> _What you are asked to do_
Return, unchanged, every line starting at the one with "友协副会长姜江、汤加王国驻华" and running through the last line of the material below, with nothing else added.

> _Information shown_
+ + +

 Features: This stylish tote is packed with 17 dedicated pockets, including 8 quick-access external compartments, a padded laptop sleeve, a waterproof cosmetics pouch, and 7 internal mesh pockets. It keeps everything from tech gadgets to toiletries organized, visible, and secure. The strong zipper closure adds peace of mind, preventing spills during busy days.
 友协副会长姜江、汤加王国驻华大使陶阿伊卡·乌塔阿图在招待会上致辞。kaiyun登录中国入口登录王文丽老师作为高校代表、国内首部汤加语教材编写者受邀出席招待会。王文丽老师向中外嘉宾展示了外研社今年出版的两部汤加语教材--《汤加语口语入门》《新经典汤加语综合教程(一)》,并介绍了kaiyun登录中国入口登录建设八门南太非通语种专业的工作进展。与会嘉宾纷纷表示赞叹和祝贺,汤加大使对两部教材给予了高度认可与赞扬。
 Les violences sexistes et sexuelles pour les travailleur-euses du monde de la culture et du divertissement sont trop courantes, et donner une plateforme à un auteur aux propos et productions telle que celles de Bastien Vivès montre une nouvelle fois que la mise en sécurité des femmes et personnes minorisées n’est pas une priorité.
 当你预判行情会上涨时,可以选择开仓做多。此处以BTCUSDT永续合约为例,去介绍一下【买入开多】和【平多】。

+ + +

> _Solution_
 友协副会长姜江、汤加王国驻华大使陶阿伊卡·乌塔阿图在招待会上致辞。kaiyun登录中国入口登录王文丽老师作为高校代表、国内首部汤加语教材编写者受邀出席招待会。王文丽老师向中外嘉宾展示了外研社今年出版的两部汤加语教材--《汤加语口语入门》《新经典汤加语综合教程(一)》,并介绍了kaiyun登录中国入口登录建设八门南太非通语种专业的工作进展。与会嘉宾纷纷表示赞叹和祝贺,汤加大使对两部教材给予了高度认可与赞扬。
 Les violences sexistes et sexuelles pour les travailleur-euses du monde de la culture et du divertissement sont trop courantes, et donner une plateforme à un auteur aux propos et productions telle que celles de Bastien Vivès montre une nouvelle fois que la mise en sécurité des femmes et personnes minorisées n’est pas une priorité.
 当你预判行情会上涨时,可以选择开仓做多。此处以BTCUSDT永续合约为例,去介绍一下【买入开多】和【平多】。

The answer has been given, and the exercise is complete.